(Beginning of Data provided)
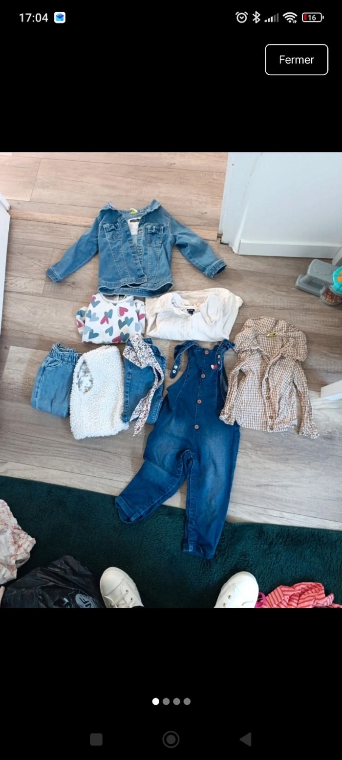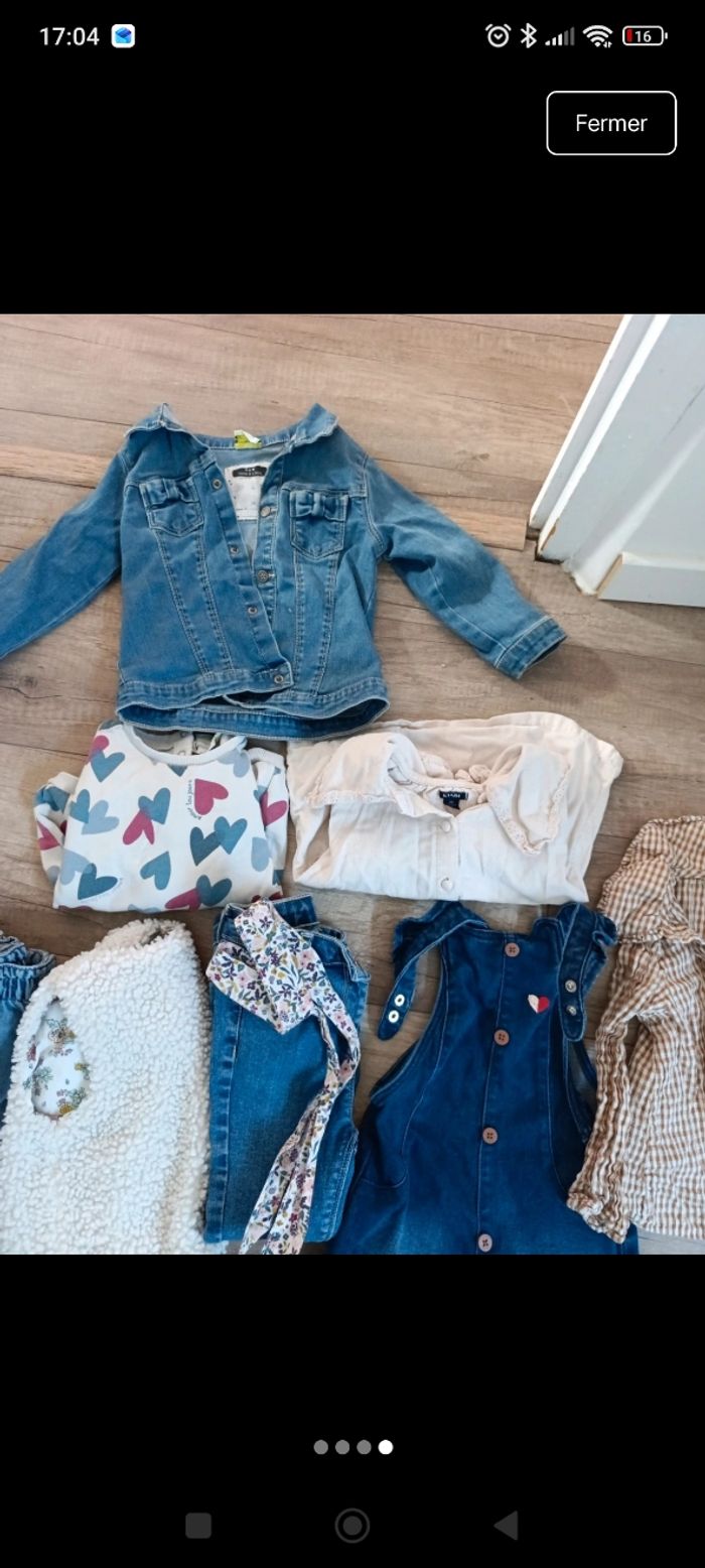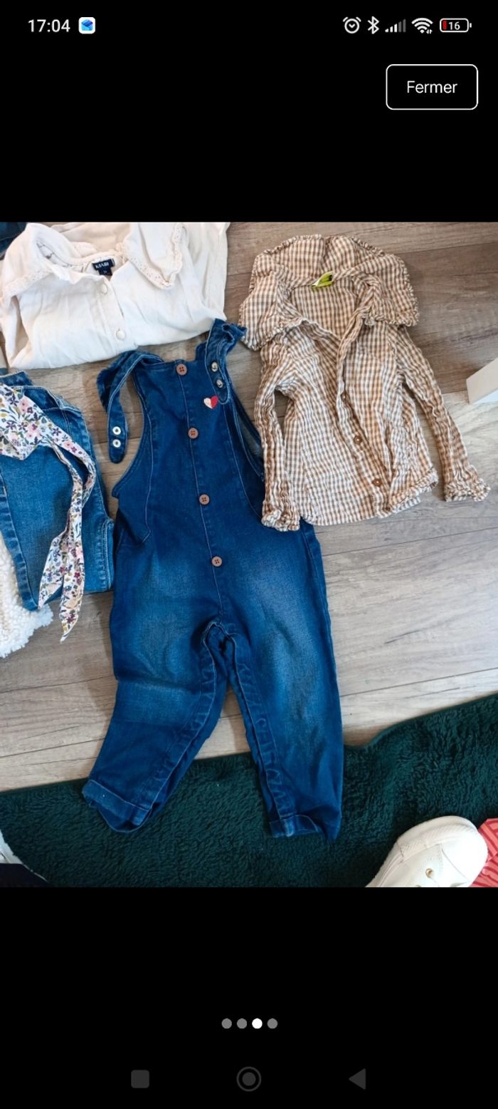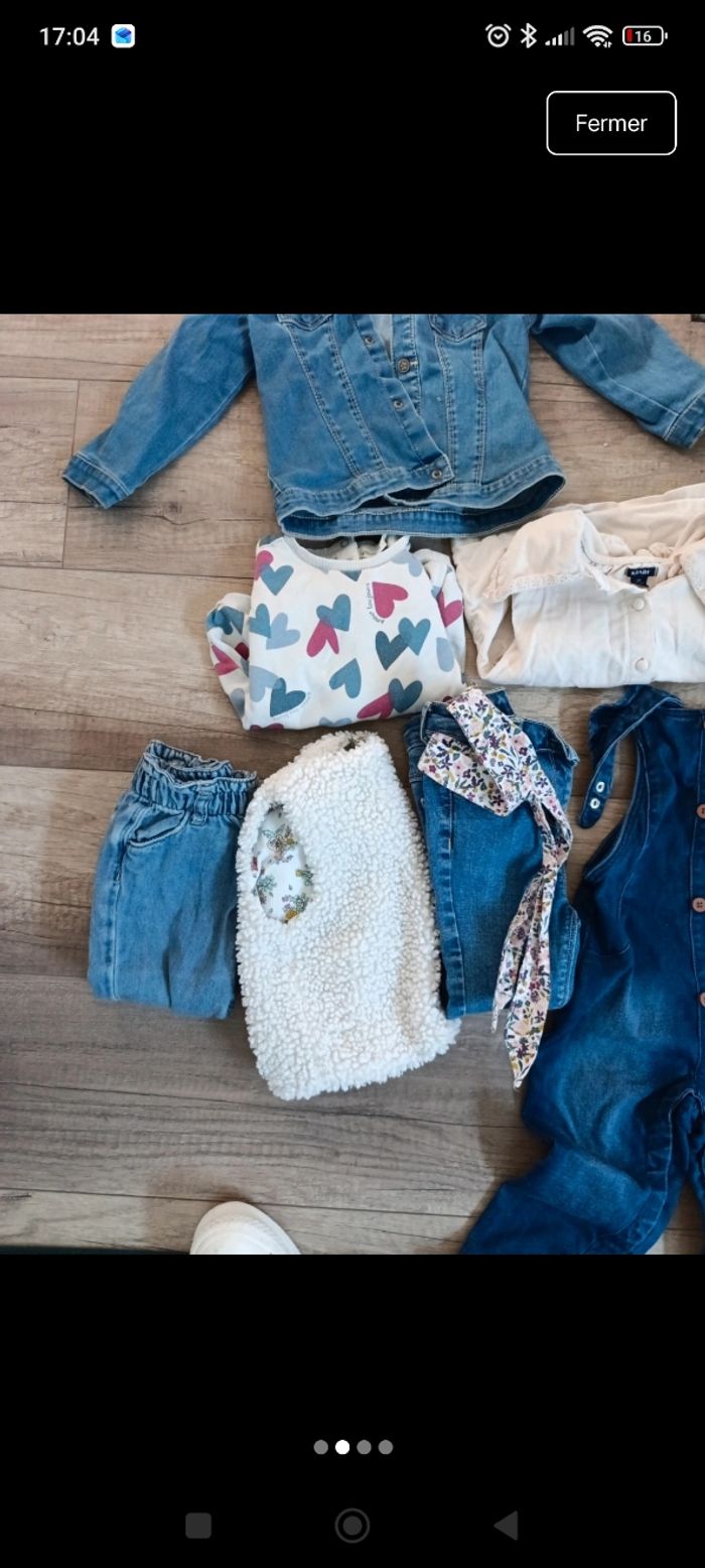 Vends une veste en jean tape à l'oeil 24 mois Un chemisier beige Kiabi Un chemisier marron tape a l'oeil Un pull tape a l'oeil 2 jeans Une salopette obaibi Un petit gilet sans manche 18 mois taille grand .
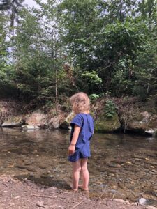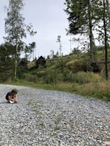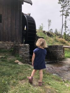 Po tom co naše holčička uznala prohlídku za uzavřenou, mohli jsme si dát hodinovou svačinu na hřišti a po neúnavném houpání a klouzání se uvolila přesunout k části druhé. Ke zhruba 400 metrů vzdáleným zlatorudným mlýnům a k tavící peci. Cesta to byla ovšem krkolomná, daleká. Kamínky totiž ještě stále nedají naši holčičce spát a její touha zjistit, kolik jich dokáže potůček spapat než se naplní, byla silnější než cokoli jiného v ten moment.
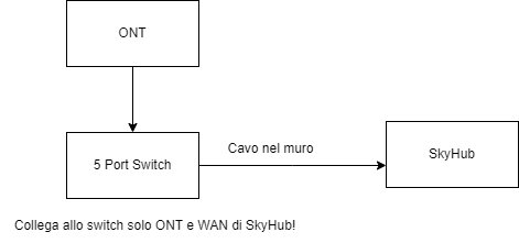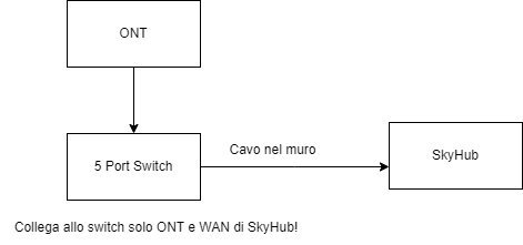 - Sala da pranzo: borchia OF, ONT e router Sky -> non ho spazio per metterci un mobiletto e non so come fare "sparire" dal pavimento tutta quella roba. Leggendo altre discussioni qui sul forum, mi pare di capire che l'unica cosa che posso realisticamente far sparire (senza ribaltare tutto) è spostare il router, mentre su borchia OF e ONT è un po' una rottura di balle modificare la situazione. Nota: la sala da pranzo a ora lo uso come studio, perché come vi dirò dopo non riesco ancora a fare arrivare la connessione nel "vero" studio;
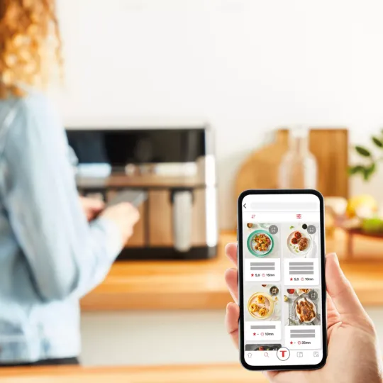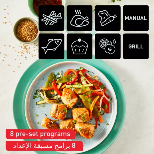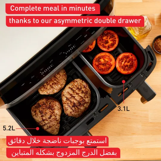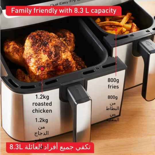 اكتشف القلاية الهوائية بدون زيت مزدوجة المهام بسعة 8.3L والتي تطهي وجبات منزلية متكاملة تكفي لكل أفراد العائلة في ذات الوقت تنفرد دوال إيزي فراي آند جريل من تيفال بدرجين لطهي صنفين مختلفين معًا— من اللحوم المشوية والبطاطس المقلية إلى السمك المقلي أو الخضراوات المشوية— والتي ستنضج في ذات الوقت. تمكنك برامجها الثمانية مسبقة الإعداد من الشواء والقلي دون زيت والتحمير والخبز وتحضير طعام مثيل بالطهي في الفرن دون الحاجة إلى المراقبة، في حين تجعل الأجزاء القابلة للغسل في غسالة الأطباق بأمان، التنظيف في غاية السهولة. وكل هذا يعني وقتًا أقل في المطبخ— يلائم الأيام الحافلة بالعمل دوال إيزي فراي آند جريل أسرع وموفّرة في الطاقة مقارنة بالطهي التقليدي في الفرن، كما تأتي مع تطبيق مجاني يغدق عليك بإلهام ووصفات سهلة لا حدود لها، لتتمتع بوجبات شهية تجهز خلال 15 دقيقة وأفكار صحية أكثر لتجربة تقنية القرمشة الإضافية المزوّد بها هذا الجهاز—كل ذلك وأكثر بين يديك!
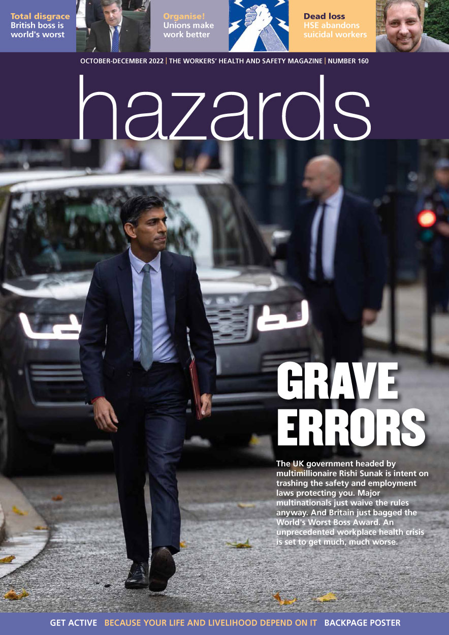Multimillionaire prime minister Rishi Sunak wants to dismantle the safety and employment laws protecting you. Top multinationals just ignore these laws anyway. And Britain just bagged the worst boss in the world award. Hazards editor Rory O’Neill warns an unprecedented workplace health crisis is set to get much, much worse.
(End of Data provided)
## Work required
Print all entries exactly; skip the pictures.

## Your solution
 Vends une veste en jean tape à l'oeil 24 mois Un chemisier beige Kiabi Un chemisier marron tape a l'oeil Un pull tape a l'oeil 2 jeans Une salopette obaibi Un petit gilet sans manche 18 mois taille grand .
 Po tom co naše holčička uznala prohlídku za uzavřenou, mohli jsme si dát hodinovou svačinu na hřišti a po neúnavném houpání a klouzání se uvolila přesunout k části druhé. Ke zhruba 400 metrů vzdáleným zlatorudným mlýnům a k tavící peci. Cesta to byla ovšem krkolomná, daleká. Kamínky totiž ještě stále nedají naši holčičce spát a její touha zjistit, kolik jich dokáže potůček spapat než se naplní, byla silnější než cokoli jiného v ten moment.
 - Sala da pranzo: borchia OF, ONT e router Sky -> non ho spazio per metterci un mobiletto e non so come fare "sparire" dal pavimento tutta quella roba. Leggendo altre discussioni qui sul forum, mi pare di capire che l'unica cosa che posso realisticamente far sparire (senza ribaltare tutto) è spostare il router, mentre su borchia OF e ONT è un po' una rottura di balle modificare la situazione. Nota: la sala da pranzo a ora lo uso come studio, perché come vi dirò dopo non riesco ancora a fare arrivare la connessione nel "vero" studio;
 اكتشف القلاية الهوائية بدون زيت مزدوجة المهام بسعة 8.3L والتي تطهي وجبات منزلية متكاملة تكفي لكل أفراد العائلة في ذات الوقت تنفرد دوال إيزي فراي آند جريل من تيفال بدرجين لطهي صنفين مختلفين معًا— من اللحوم المشوية والبطاطس المقلية إلى السمك المقلي أو الخضراوات المشوية— والتي ستنضج في ذات الوقت. تمكنك برامجها الثمانية مسبقة الإعداد من الشواء والقلي دون زيت والتحمير والخبز وتحضير طعام مثيل بالطهي في الفرن دون الحاجة إلى المراقبة، في حين تجعل الأجزاء القابلة للغسل في غسالة الأطباق بأمان، التنظيف في غاية السهولة. وكل هذا يعني وقتًا أقل في المطبخ— يلائم الأيام الحافلة بالعمل دوال إيزي فراي آند جريل أسرع وموفّرة في الطاقة مقارنة بالطهي التقليدي في الفرن، كما تأتي مع تطبيق مجاني يغدق عليك بإلهام ووصفات سهلة لا حدود لها، لتتمتع بوجبات شهية تجهز خلال 15 دقيقة وأفكار صحية أكثر لتجربة تقنية القرمشة الإضافية المزوّد بها هذا الجهاز—كل ذلك وأكثر بين يديك!
Multimillionaire prime minister Rishi Sunak wants to dismantle the safety and employment laws protecting you. Top multinationals just ignore these laws anyway. And Britain just bagged the worst boss in the world award. Hazards editor Rory O’Neill warns an unprecedented workplace health crisis is set to get much, much worse.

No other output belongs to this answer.